The old-fashioned funds with a great record on dividends

| August 12, 2012 | 0 Comments

By
Richard Dyson

16:06 EST, 11 August 2012


|

16:06 EST, 11 August 2012

The income drought is many savers’ biggest worry. But some shrewd investments made years ago are, for some, proving their worth by paying a rich and consistent income.

So where should today’s investors put their money with the aim of delivering a reliable income now and in ten, 20 or even 30 years’ time?

A group of funds attracting renewed interest are investment trusts – particularly those with long histories of paying dividends.

Confidence: Barry Long puts his money into funds that have survived wars and depressions

Confidence: Barry Long puts his money into funds that have survived wars and depressions

Until recently dismissed as ‘dinosaurs’, these funds, which are structured as companies and exist solely to safeguard shareholders’ wealth and pay an annual divi, are coming back to the fore.

‘Spivvy investments have had their day,’ says Simon Moore, head of research at financial adviser Bestinvest in Mayfair, central London. ‘After the dotcom boom and the banking crisis, investors want old-fashioned virtues, they want pedigree, they want a good track record.’

And many investment trusts, with their Victorian origins and focus on preserving investors’ capital and paying a regular dividend, fit the bill. A large number have survived two world wars. An elite group can also boast to have increased the dividend they pay to shareholders every year for more than 20 years – financial crisis or not.

‘Before the crisis those attributes might have been derided as boring,’ says Moore. ‘But the crisis has shown that in investment, as in banking, boring can be good.’

Investment trusts are like other funds in that savers’ money is pooled and used to buy a range of assets, usually shares in other businesses. Bonds, property and other investments might also be bought.

A trust has a board of directors to represent shareholders’ interests. The board appoints a fund manager, negotiates the manager’s contract and then checks that performance remains strong.

Different trusts have different objectives, but those gaining most interest today are the ‘divi dears’ – typically large, globally invested, income-oriented portfolios with decades of track record behind them.
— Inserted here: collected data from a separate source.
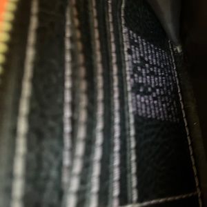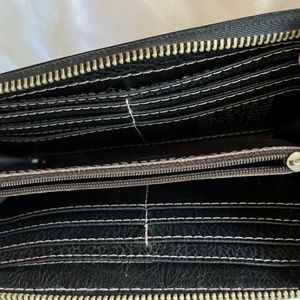 Black Matt&Nat women's billfold/wallet. Vegan Leather, Zipper works inside and out. 8"x4", clean inside, Authentic with positivity message printed inside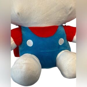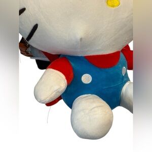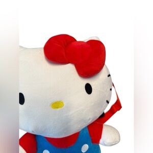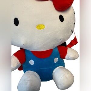 This charming Hello Kitty stuffed animal showcases a vibrant red bow and a delightful blue outfit, making it a perfect addition to any toy collection. Its soft, plush material and iconic minimalist design ensure a cuddly and comforting companion for fans of all ages.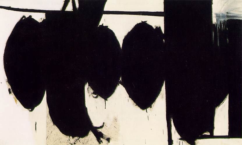 罗伯特·马瑟韦尔(Robert Motherwell)可算作抽象表现派运动的组织者,是一位多产的画家,其最为著名的作品是名为‖西班牙共和国挽歌‖的系列作品。画面主要是黑色的大笔触画在白的背景之上,形成几何化的团块和结构,具有一种纪念碑式的沉稳厚重之感。和波洛克一样,他的笔触也是随意的,所不同的是在作画过程中,马瑟韦尔的理性的力量总是可以起作用的,他试图平衡意识与非意识,在自由表达和保持一定的画面构图之间做出协调。

Barry Long started building a portfolio of investment trust shares between 15 and 20 years ago, using what were then Peps – subsequently replaced by Isas – to shield his holdings from tax. Today he has a portfolio of many investment trusts, including divi-paying giants such as Scottish American, Temple Bar, Alliance and British Empire Securities.
Many of these holdings now produce a valuable income.

Shares in Temple Bar, for instance, cost 295p each in 1992. Today each pays a divi of more than 35p a year – equivalent to a yield of 12 per cent on his original investment.
And with shares in Temple Bar trading currently at 948p, he has enjoyed more than 200 per cent capital growth to boot.

Barry, 64, a retired solicitor, says: ‘I am a great believer in looking at the track record of an investment vehicle and these trusts have substantial histories.

‘The fact they’ve survived wars, depressions, the lot – it gives me confidence.’

Barry and his wife Angela, 60, who live in Rotherham, South Yorkshire, have not yet drawn income from their investment trust holdings. Instead, they have reinvested the divis as they’ve gone along.

But Barry says: ‘The dividends are clearly an important part of the overall return. If we need to draw that income, we can. It’s there.’

table.jpg

The table above shows six investment trusts selected from the two sectors most focused on delivering dividend income to investors – UK Growth and Income, and Global Growth and Income.
The trusts have been paying a dividend that has grown, year on year, for the longest period.

By comparing the dividend currently paid (in the first column) to the share price today, you get a current yield – in most cases between four and six per cent.
T

he share prices from ten and 20 years ago (the last two columns) show what the dividend is today relative to investments made in the past. These historic prices also show the extent to which the value of shareholders’ capital has been enhanced, or not.

In the case of Scottish American, for instance, shareholders saw no growth in share price between 1992 and 2002. This was due to disastrous losses in the years 2000 and 2001, when the company’s value halved. The board of Scottish American subsequently replaced the fund manager.

Philippa Gee of Philippa Gee Wealth Management in Church Stretton, Shropshire, warns: ‘Bear in mind these investments are not risk free. They suit mature investors who are going to own these shares for many, many years and who will not worry about how the share price fluctuates in the meantime.

‘For many, it is absolutely right to focus on dividends – and these are investments that should definitely play a part.’

Most big investment trusts, including those shown here, offer dealing facilities allowing savers to buy shares. It is often more convenient to use a low-cost broker such as Alliance Trust Savings, Hargreaves Lansdown, Barclays Stockbrokers or Clubfinance where different trusts’ shares can be managed together in a single portfolio and held within an Isa or pension account.